_EXERCISE_
Retype every line of the data below, starting with the first and ending with the line that contains "The deluxe double", but leave out the pictures.

_INFORMATION SHOWN_
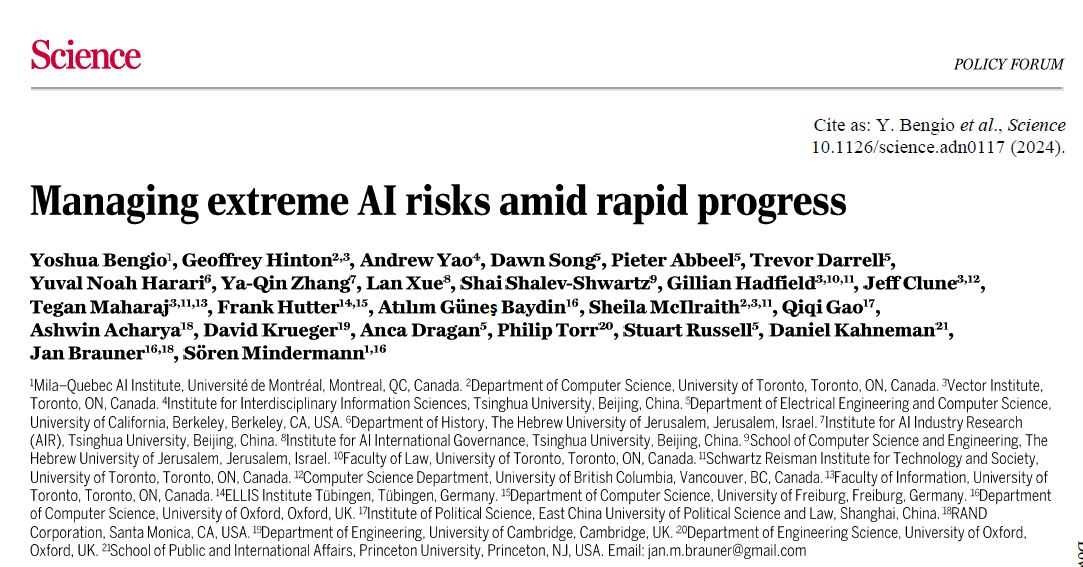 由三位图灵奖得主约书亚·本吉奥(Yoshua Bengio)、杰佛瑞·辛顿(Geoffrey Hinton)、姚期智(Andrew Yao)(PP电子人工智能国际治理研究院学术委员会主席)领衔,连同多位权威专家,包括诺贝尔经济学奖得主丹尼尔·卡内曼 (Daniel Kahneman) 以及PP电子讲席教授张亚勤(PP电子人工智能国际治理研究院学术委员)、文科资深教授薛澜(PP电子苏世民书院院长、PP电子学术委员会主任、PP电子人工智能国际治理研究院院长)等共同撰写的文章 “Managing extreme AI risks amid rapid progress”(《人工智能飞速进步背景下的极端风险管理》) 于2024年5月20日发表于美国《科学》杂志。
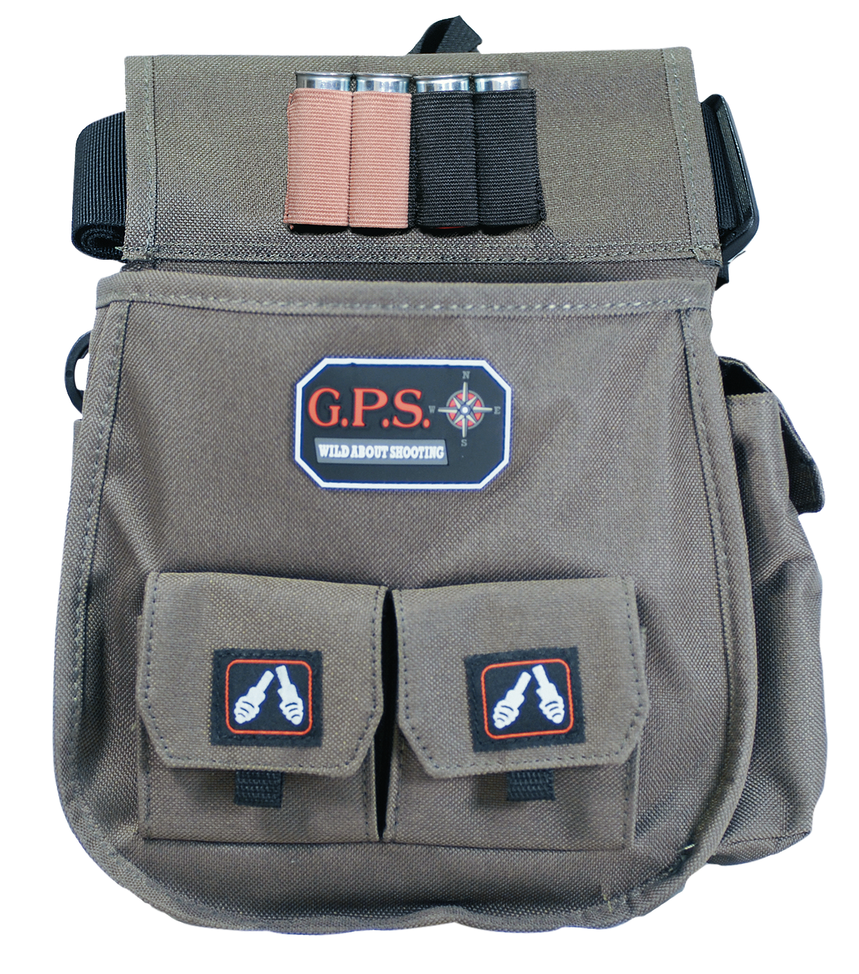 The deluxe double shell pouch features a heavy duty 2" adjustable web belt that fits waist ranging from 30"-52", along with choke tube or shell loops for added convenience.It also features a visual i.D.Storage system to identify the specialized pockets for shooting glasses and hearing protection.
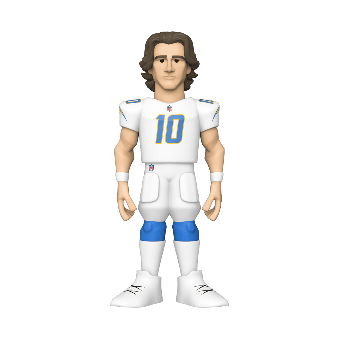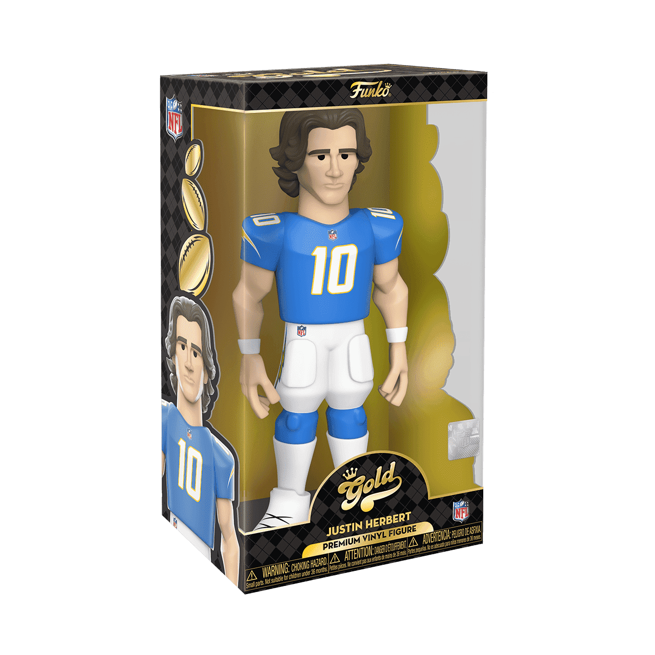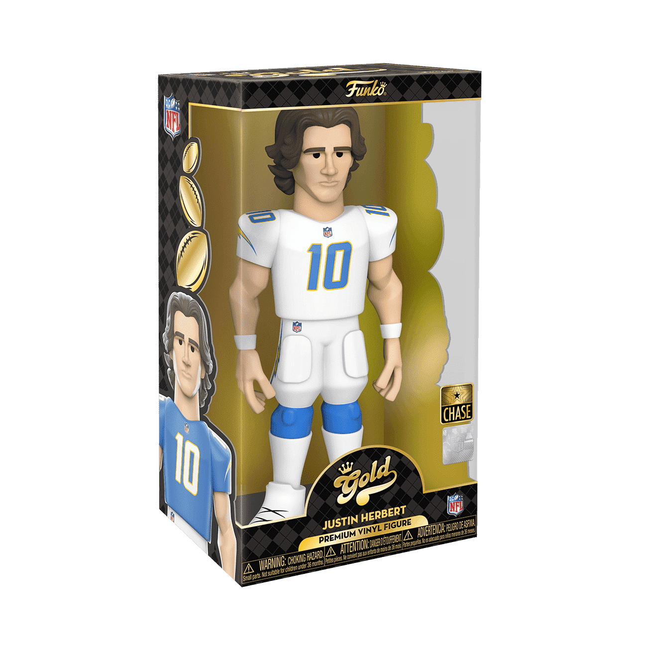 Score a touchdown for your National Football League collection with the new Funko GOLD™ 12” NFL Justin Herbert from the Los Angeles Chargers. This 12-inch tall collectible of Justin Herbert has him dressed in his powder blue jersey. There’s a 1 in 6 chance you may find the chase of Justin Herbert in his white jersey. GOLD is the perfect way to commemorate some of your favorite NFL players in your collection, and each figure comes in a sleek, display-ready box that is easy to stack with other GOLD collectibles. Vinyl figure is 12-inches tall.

_WRITTEN RESPONSE_
 由三位图灵奖得主约书亚·本吉奥(Yoshua Bengio)、杰佛瑞·辛顿(Geoffrey Hinton)、姚期智(Andrew Yao)(PP电子人工智能国际治理研究院学术委员会主席)领衔,连同多位权威专家,包括诺贝尔经济学奖得主丹尼尔·卡内曼 (Daniel Kahneman) 以及PP电子讲席教授张亚勤(PP电子人工智能国际治理研究院学术委员)、文科资深教授薛澜(PP电子苏世民书院院长、PP电子学术委员会主任、PP电子人工智能国际治理研究院院长)等共同撰写的文章 “Managing extreme AI risks amid rapid progress”(《人工智能飞速进步背景下的极端风险管理》) 于2024年5月20日发表于美国《科学》杂志。
 The deluxe double shell pouch features a heavy duty 2" adjustable web belt that fits waist ranging from 30"-52", along with choke tube or shell loops for added convenience.It also features a visual i.D.Storage system to identify the specialized pockets for shooting glasses and hearing protection.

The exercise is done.